What you are asked to do:
Using the material below, repeat exactly the lines from the one with "Nicht ahnend, welch" through the one with "Платье Self-Portrait - представляет", ends included, without any images.

Given data:
■ ■ ■ ■ ■
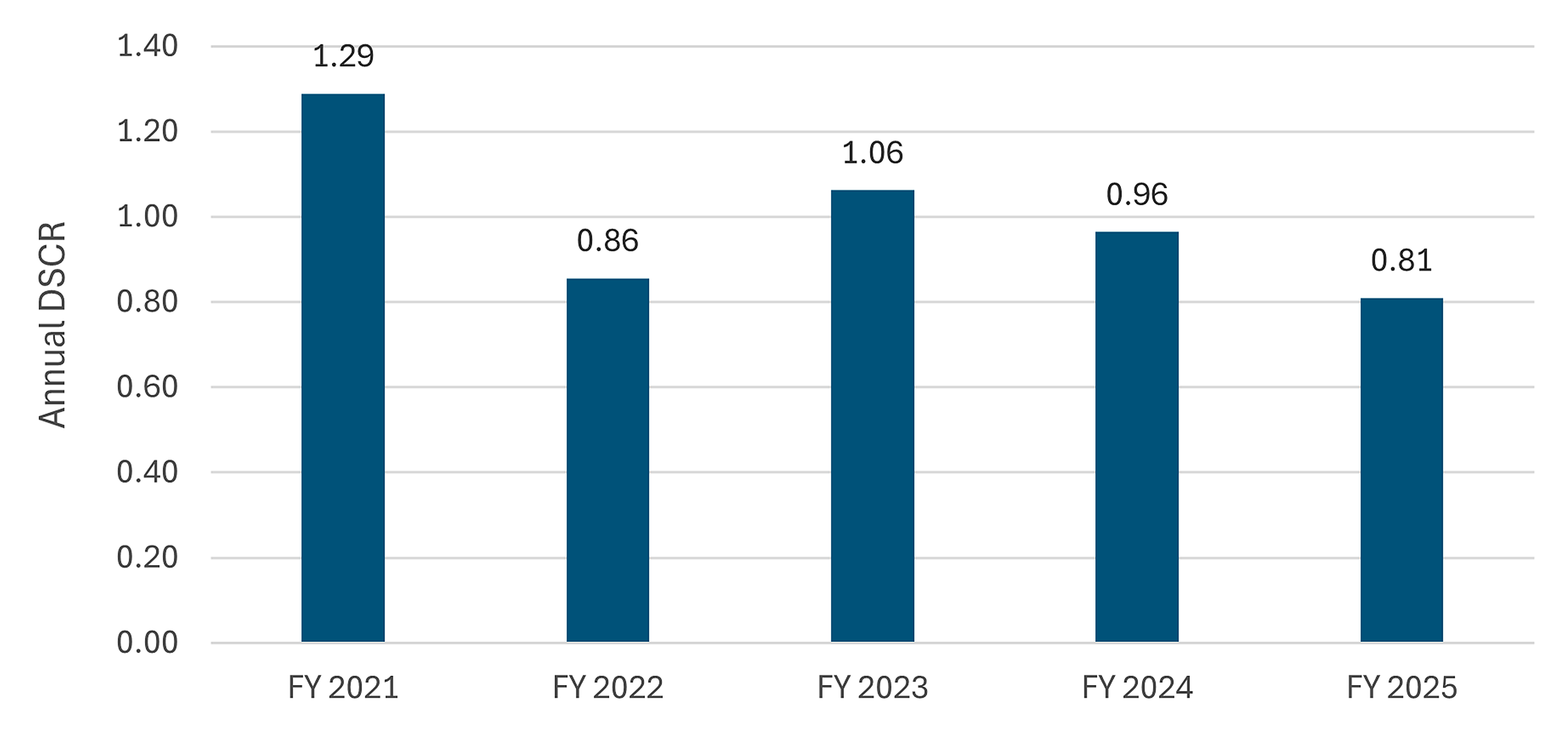 With falling earnings and cash flow, Jack in the Box is poorly positioned to address its debt service each year, as evidenced by a DSCR of less than one in the past two years. Under the JACK on Track plan, the Company has indicated its intention to reduce debt by approximately $300 million over a 12-18 month period. However, achieving this target alone may be insufficient.
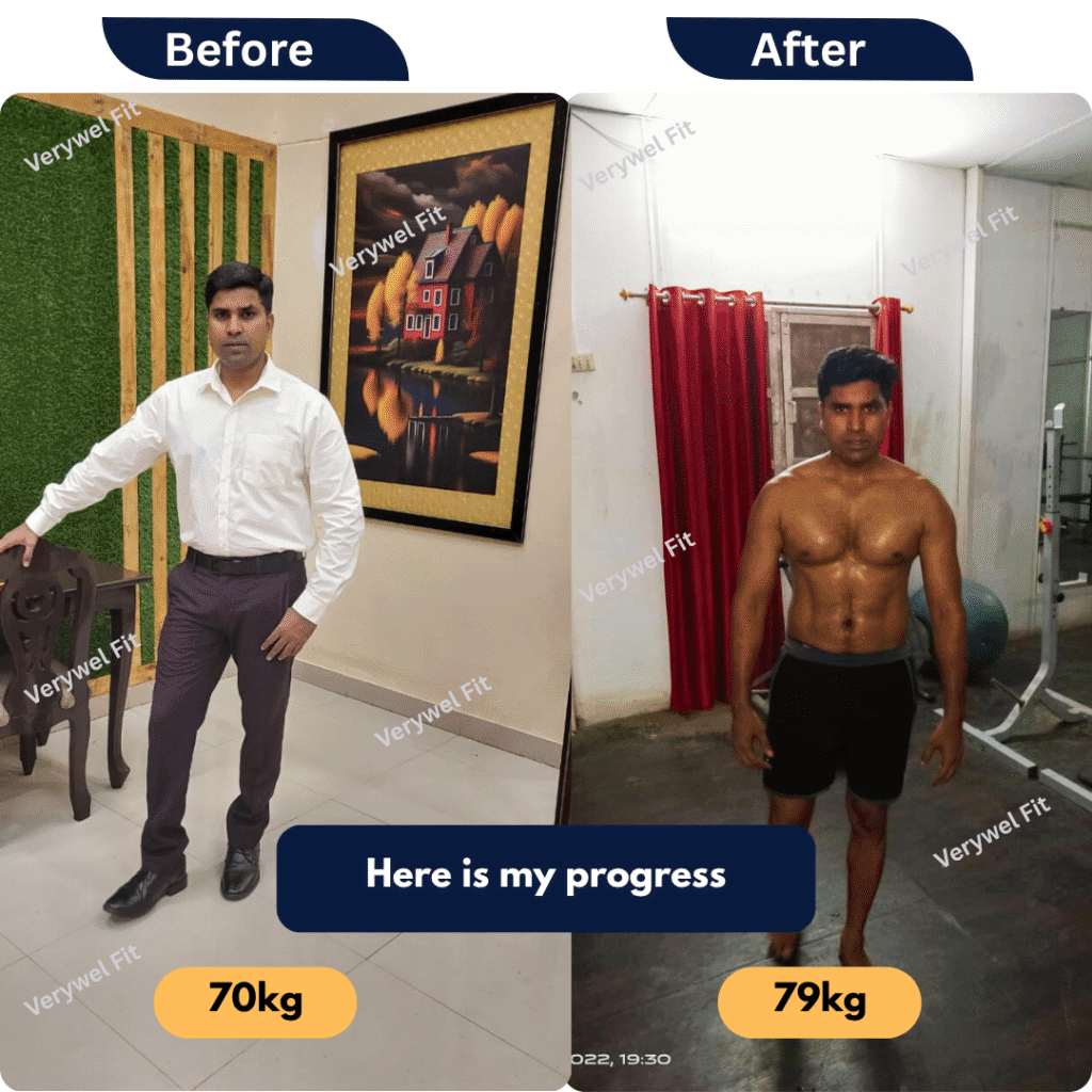 I went from 70kg to 79kg with the guidance of Verywel Fit. This journey taught me the power of consistent training, proper nutrition, and dedication. The results speak for themselves — stronger, healthier, and more confident than ever!
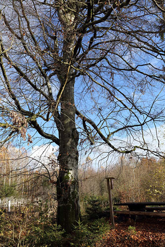Nicht ahnend, welch große Entdeckung heute auf mich warten würde, durchstreifte ich einen Forst bei Roggenburg (Kreis Neu-Ulm), als mein Blick auf eine mir bislang unbekannte Baumart fiel. Ich sollte korrekterweise sagen, dass ich dem fremdartigen Gewächs gar keine Beachtung geschenkt hätte, wäre da nicht diese kleine Tafel gewesen, die meine Aufmerksamkeit erregte: Methusalem-Buche. Eigentlich hätte ich den Baum für eine schlichte Rotbuche gehalten, vielleicht etwas größer und etwas dicker als die üblichen Forstexemplare, aber doch ein herkömmlicher Vertreter der Spezies Fagus sylvatica.
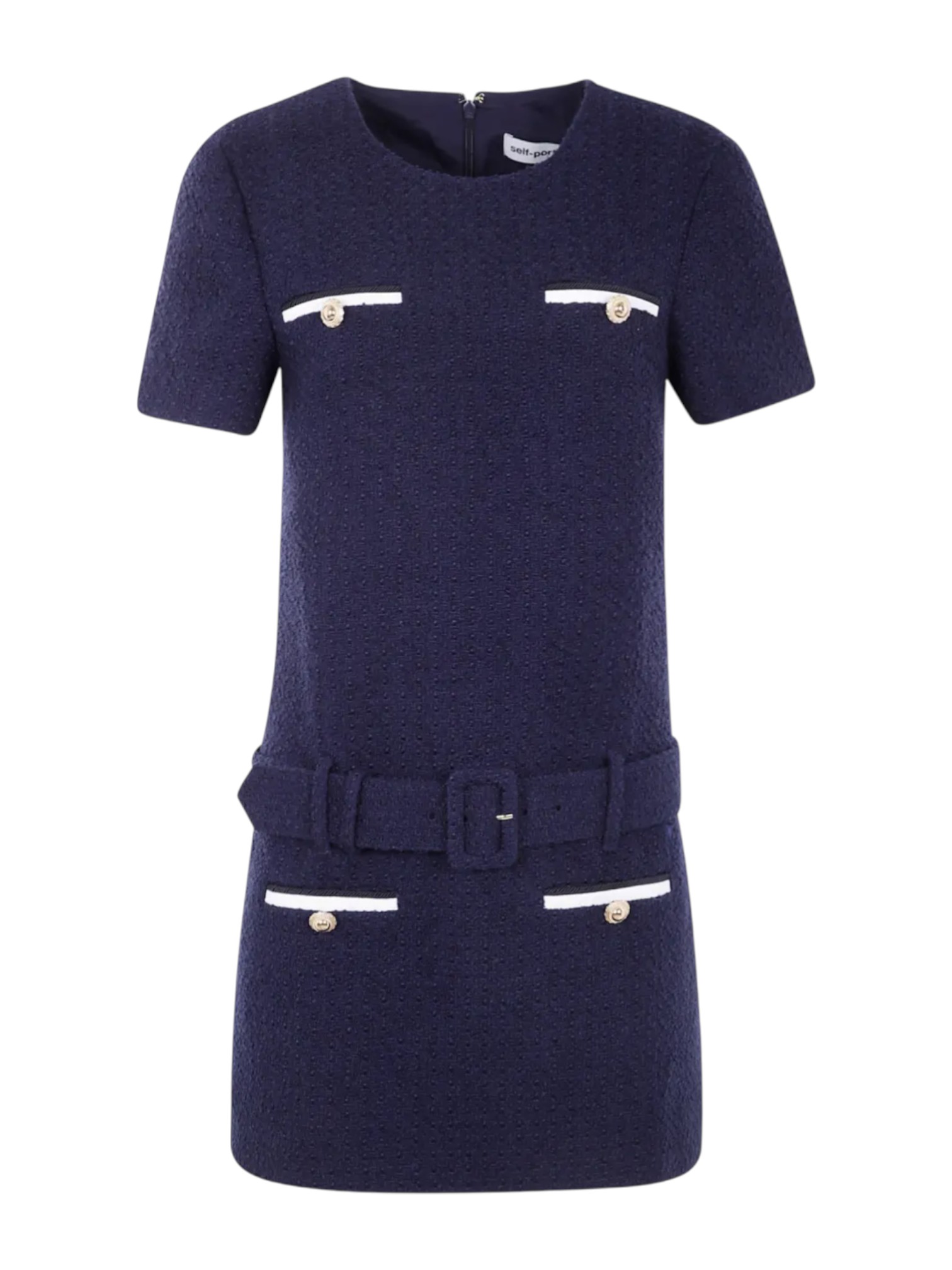 Платье Self-Portrait - представляет платье, в котором традиционная эстетика твида и букле встречается с современным вниманием к деталям. Эта модель - настоящая находка для тех, кто ценит архитектуру кроя и продуманную функциональность в каждом элементе. Выходите в свет. Пусть эти золотые пуговицы станут вашими маленькими союзниками в большом мире моды.
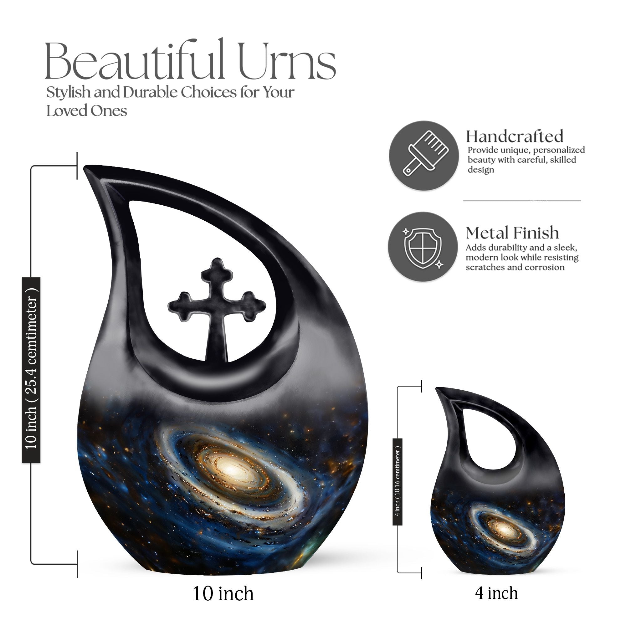 Handmade from durable aluminium, this urn displays a captivating galaxy pattern representing eternity, connection, and the vastness of love that remains. Its smooth finish and secure structure make it ideal for those searching for Adult Size Cremation Urns, a reliable Urn Cremation Keepsake, or coordinating Cremation Keepsake Urns for Human Ashes Adult. At 10 inches tall, it offers generous capacity while remaining visually elegant for home display or ceremony use.
■ ■ ■ ■ ■
Result of the exercise:
Nicht ahnend, welch große Entdeckung heute auf mich warten würde, durchstreifte ich einen Forst bei Roggenburg (Kreis Neu-Ulm), als mein Blick auf eine mir bislang unbekannte Baumart fiel. Ich sollte korrekterweise sagen, dass ich dem fremdartigen Gewächs gar keine Beachtung geschenkt hätte, wäre da nicht diese kleine Tafel gewesen, die meine Aufmerksamkeit erregte: Methusalem-Buche. Eigentlich hätte ich den Baum für eine schlichte Rotbuche gehalten, vielleicht etwas größer und etwas dicker als die üblichen Forstexemplare, aber doch ein herkömmlicher Vertreter der Spezies Fagus sylvatica.
 Платье Self-Portrait - представляет платье, в котором традиционная эстетика твида и букле встречается с современным вниманием к деталям. Эта модель - настоящая находка для тех, кто ценит архитектуру кроя и продуманную функциональность в каждом элементе. Выходите в свет. Пусть эти золотые пуговицы станут вашими маленькими союзниками в большом мире моды.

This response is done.